Sold Seperately

A couple of weeks ago I wandered down to our IT department to grab the manager (one of the members of the Yellow Peril) for lunch. We were just walking out of the office when one of the switchboard operators bumped into us.

“Oh lovey, you two would make a cute couple,” she said in her heavy British accent.

The IT manager and I glanced at each other, then laughed and shook our heads.

“No way! He’s like my cousin,” I said.

“You two look very nice together,” she insisted.

“Nope. That would be incest.”

“I still think you two make a cute couple!”

That was the last thing she shouted at us as we rounded the corner to the elevator.

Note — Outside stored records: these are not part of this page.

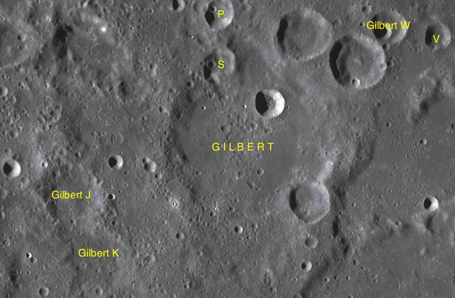 Part of the chart LAC-81 used for the presentation
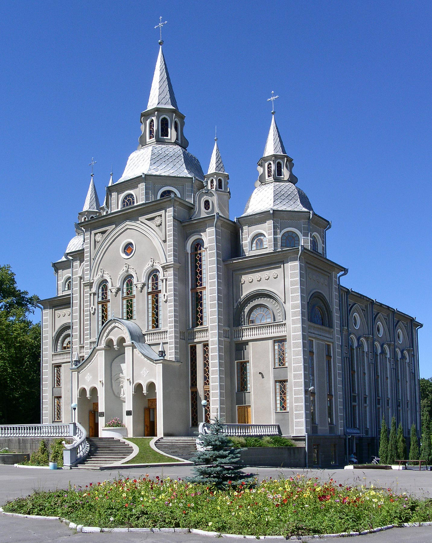 The main Baptist church in Vinnytsia, Ukraine
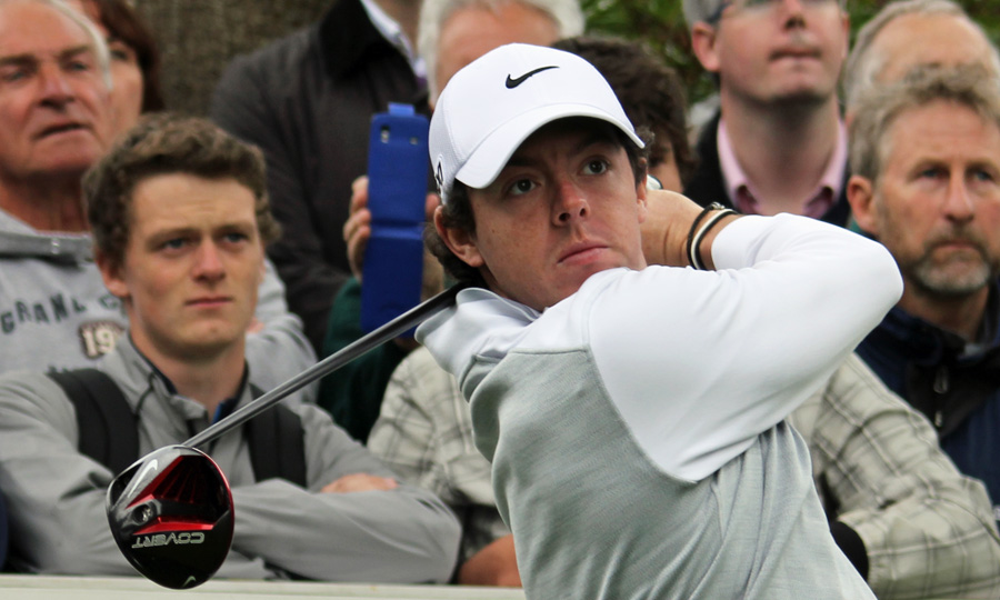 As a small crowd of onlookers watch Rory McIlroy drives during a practice day for the 2013 BMW PGA Championship at Wentworth Club.
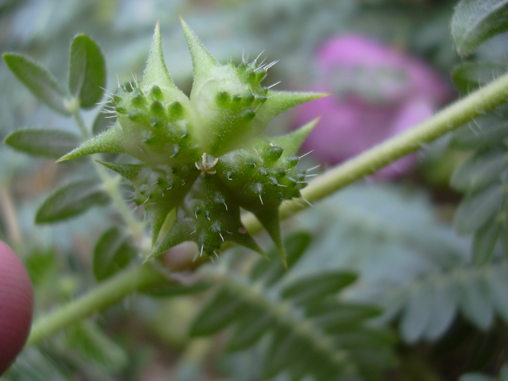 Tribulus terrestris (fruit). Location: Maui, Kahului
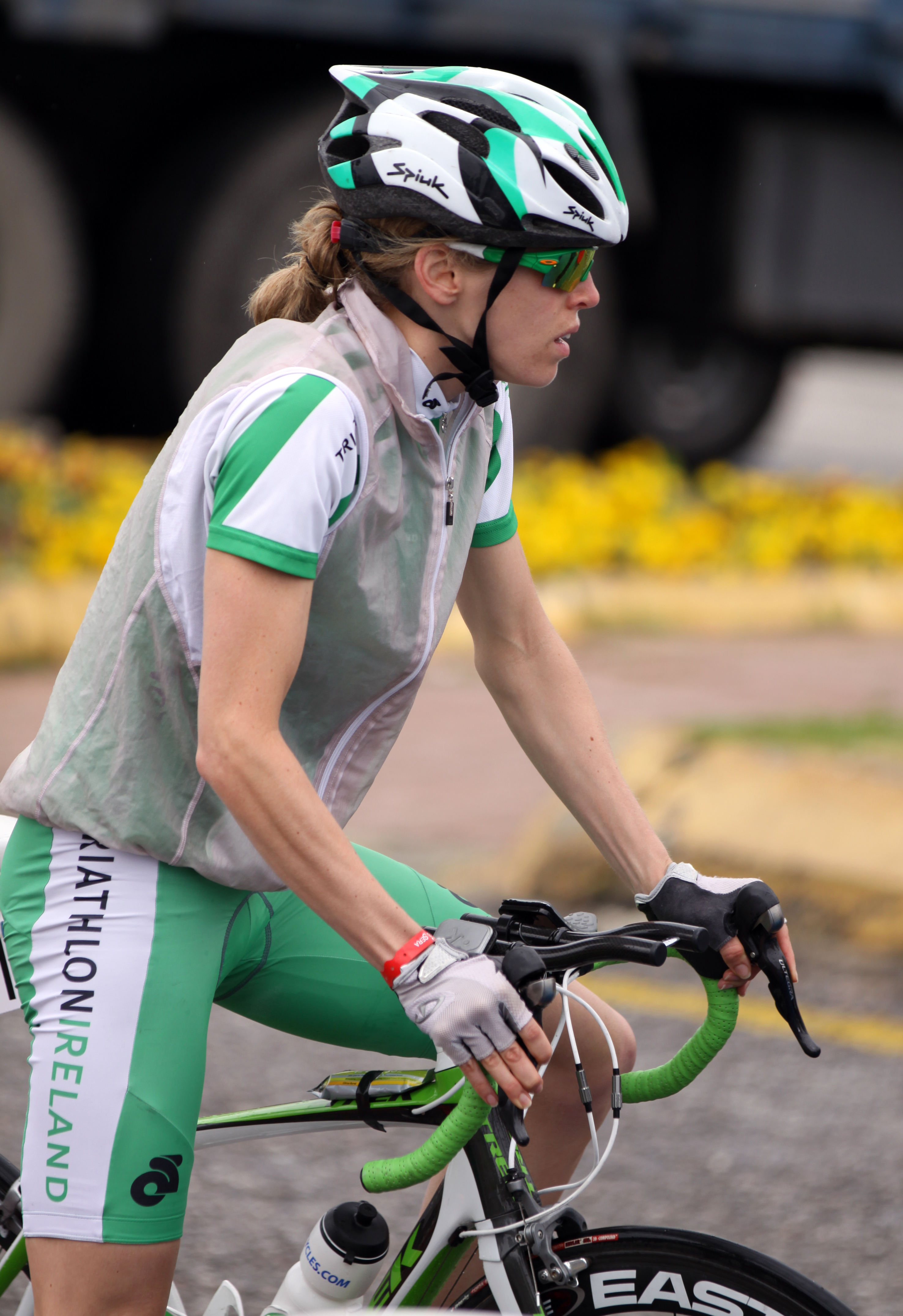 Gold medalist Aileen Morrison at the European Cup triathlon in Antalya 2011.
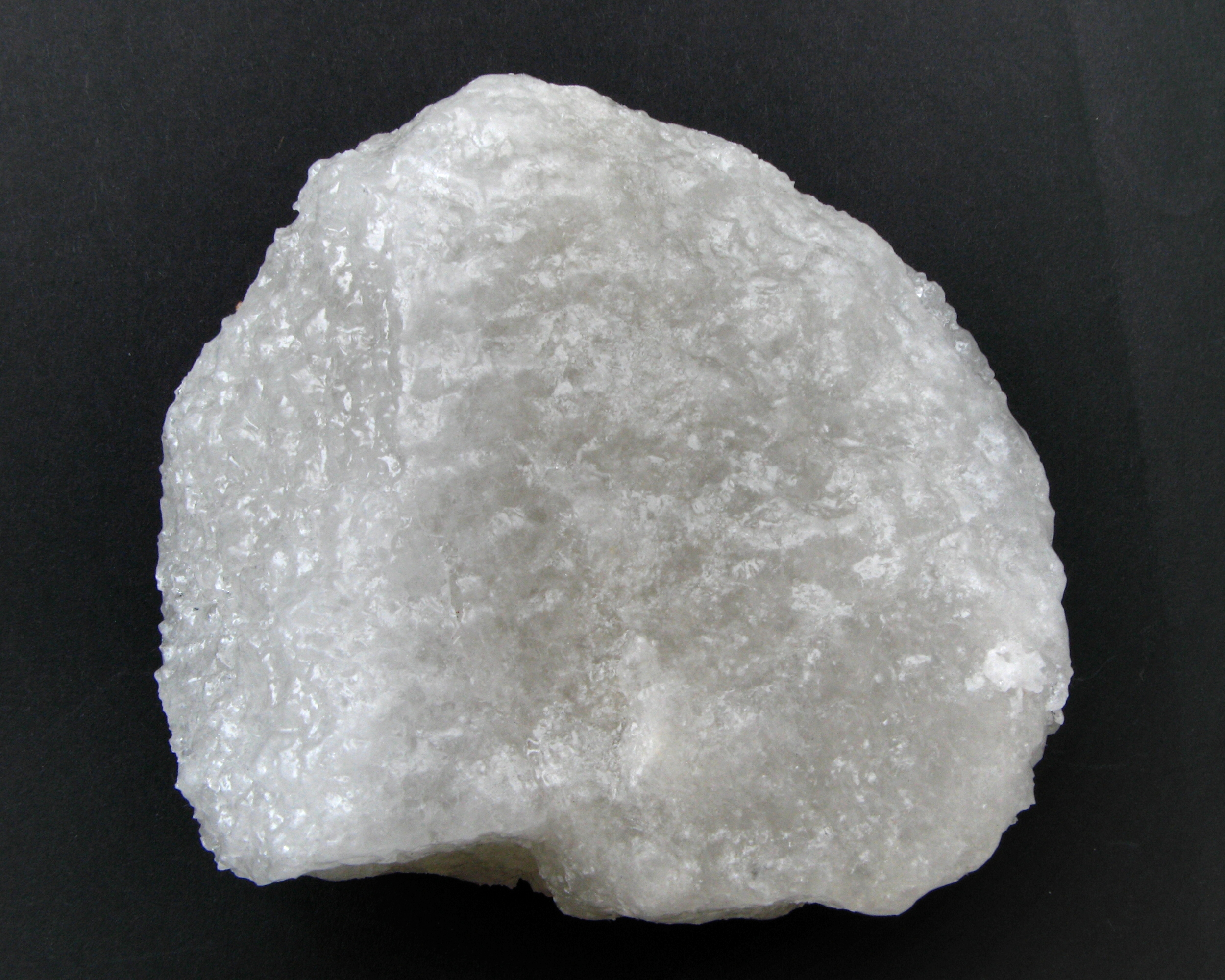 Cryolite
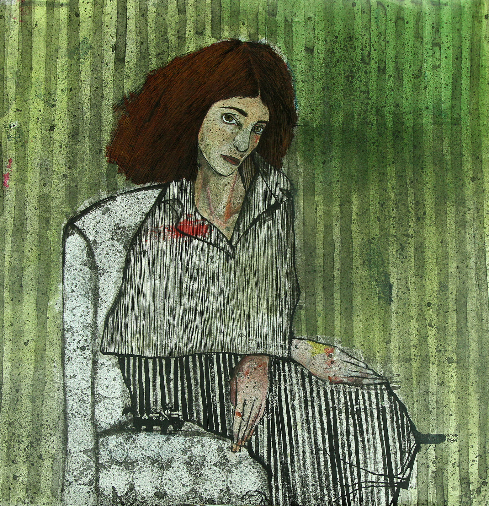 painting

I realize that it could look cute when two people of different sex but similar ethnicities stand next to each other. Up until recently my whole family was comprised of Japanese people (I’d have to dig deep to find out we married into a Chinese or Russian family). However, as scandalous as it sounds, I like dating other races. The last Asian I went on a “date” with was back in high school and you can guess how that ended. (I think his mother was ready to talk about marital arrangements – creepy!)

I guess I could look good whenever I stand next to an Asian guy, but for the love of Buddha, please don’t assume that he’s the one. I’m not an electrical outlet made for a specific plug.

Unless you’re James Iha. Then I’ll marry you in a heartbeat.